Title: 

APD 040054

Significant Decision

Date: 

February 18, 2004

Issues: 

Disabilty/Existence-Duration, Extent of Injury

Table of Contents

APD 040054

This appeal arises pursuant to the Texas Workers’ Compensation Act, TEX. LAB. CODE ANN. § 401.001 et seq. (1989 Act). A contested case hearing (CCH) was held on December 15, 2003. The hearing officer determined that the respondent/cross-appellant’s (claimant) _____________,[1] compensable injury does include anxiety and depression, and that the claimant did not have disability beginning April 29, 2003, and continuing through October 1, 2003. The appellant/cross-respondent (carrier) appealed the extent-of-injury determination on sufficiency of the evidence grounds. The claimant appealed the adverse disability determination. The carrier responded to the claimant’s appeal, and urged affirmance of the disability determination. The claimant submitted an “Answer to the Carrier’s Response to Request for Review,” addressing disability again, but did not respond directly to the carrier’s appeal on extent of injury.

DECISION

Affirmed as corrected.

The claimant attached numerous duplicates of the documents that were submitted as evidence, as well as other documents that were not submitted as evidence at the CCH. In deciding whether the hearing officer’s decision is sufficiently supported by the evidence, we will only consider the evidence admitted at the hearing. We will not generally consider evidence that was not submitted into the record and raised for the first time on appeal. Texas Workers’ Compensation Commission Appeal No. 92255, decided July 27, 1992. To determine whether evidence offered for the first time on appeal requires that the case be remanded for further consideration, we consider whether it came to the appellant’s knowledge after the hearing, whether it is cumulative, whether it was through lack of diligence that it was not offered at the hearing, and whether it is so material that it would probably produce a different result. Texas Workers’ Compensation Commission Appeal No. 93111, decided March 29, 1993; Black v. Wills, 758 S.W.2d 809 (Tex. App.-Dallas 1988, no writ). We do not find that to be the case with the information which the claimant attached to her request for review and, consequently, we will not consider that information on appeal.

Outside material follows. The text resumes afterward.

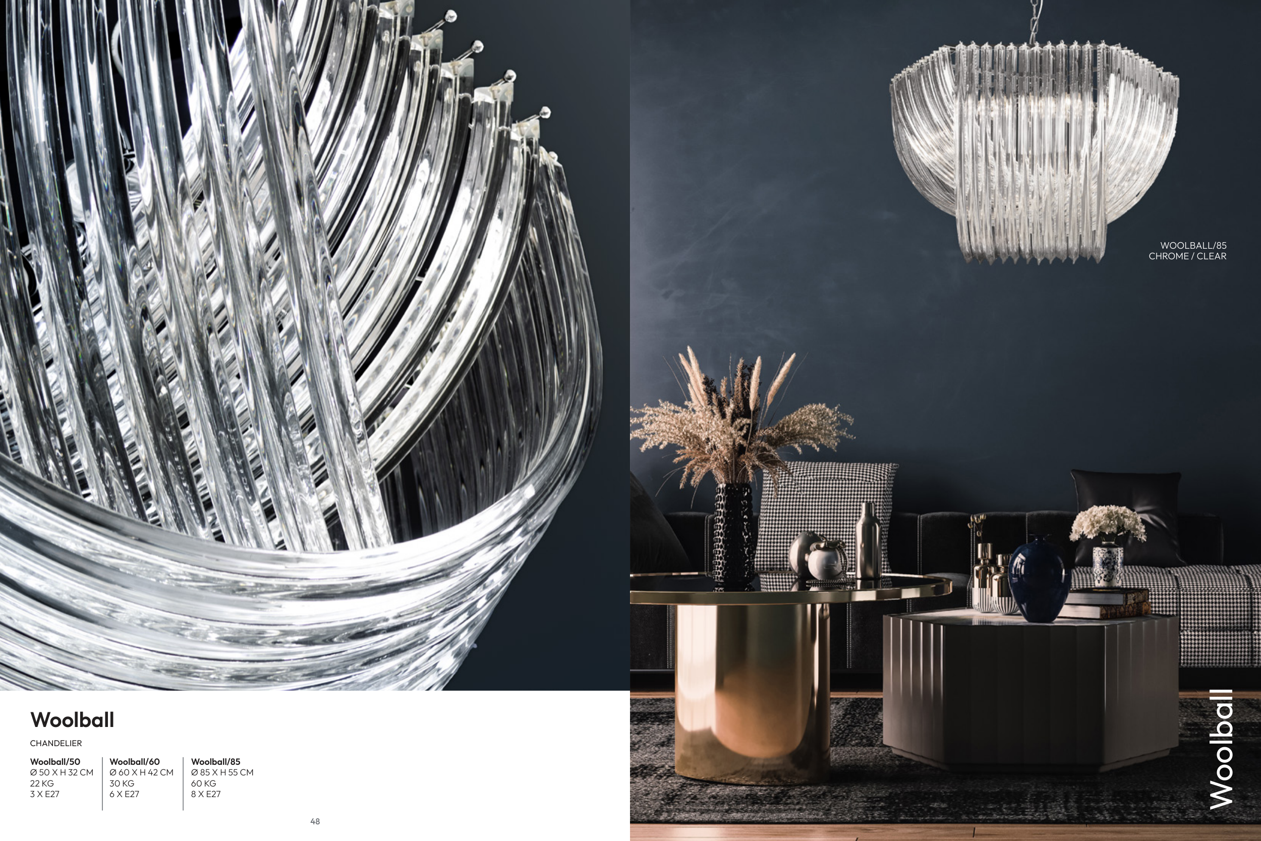 48 Woolball/60 Ø 60 X H 42 CM 30 KG 6 X E27 Woolball/50 Ø 50 X H 32 CM 22 KG 3 X E27 Woolball/85 Ø 85 X H 55 CM 60 KG 8 X E27 CHANDELIER Woolball Woolball WOOLBALL/85 CHROME / CLEAR

Whether the compensable injury extended to include anxiety and depression and whether the claimant had disability presented fact questions for the hearing officer to determine based on the evidence presented. The hearing officer is the sole judge of the weight and credibility of the evidence. Section 410.165(a). This is equally true regarding medical evidence. Texas Employers Insurance Association v. Campos, 666 S.W.2d 286 (Tex. App.-Houston [14th Dist.] 1984, no writ). As the finder of fact, the hearing officer resolves the conflicts in the evidence and determines what facts have been established. Although there is conflicting evidence in this case, the hearing officer determined that the claimant’s anxiety and depression are included in her compensable injury. On appeal, the carrier essentially argues the same matters that were argued to the hearing officer at the hearing. We conclude that the hearing officer’s extent-of-injury decision is supported by sufficient evidence and that it is not so against the great weight and preponderance of the evidence as to be clearly wrong and unjust. Cain v. Bain, 709 S.W.2d 175 (Tex. 1986). There is likewise sufficient evidence to support the hearing officer’s determination that the claimant did not prove that she had disability for the period in dispute at this CCH.

We affirm the decision and order of the hearing officer, as corrected.

The true corporate name of the insurance carrier is AMERICAN HOME ASSURANCE COMPANY and the name and address of its registered agent for service of process is

CORPORATION SERVICE COMPANY

800 BRAZOS, SUITE 750, COMMODORE 1

AUSTIN, TEXAS 78701.

Michael B. McShane

Appeals Panel

Manager-Judge

CONCUR:

Chris Cowan – Appeals Judge

Margaret L. Turner – Appeals Judge

  1. Although the parties entered into a stipulation that “there was a prior [CCH] where it was decided that Claimant sustained a compensable injury on __________, and that decision has become final,” the carrier attached to its request for review a copy of the decision and order from the prior CCH, as well as the Appeals Panel decision following that CCH, which both establish that the parties were in error concerning the date of injury. The correct date of injury in this case is _____________, as found by the hearing officer in the prior CCH and affirmed in Texas Workers’ Compensation Commission Appeal No. 030468, decided April 11, 2003. All references to the date of injury are changed to read “_____________.”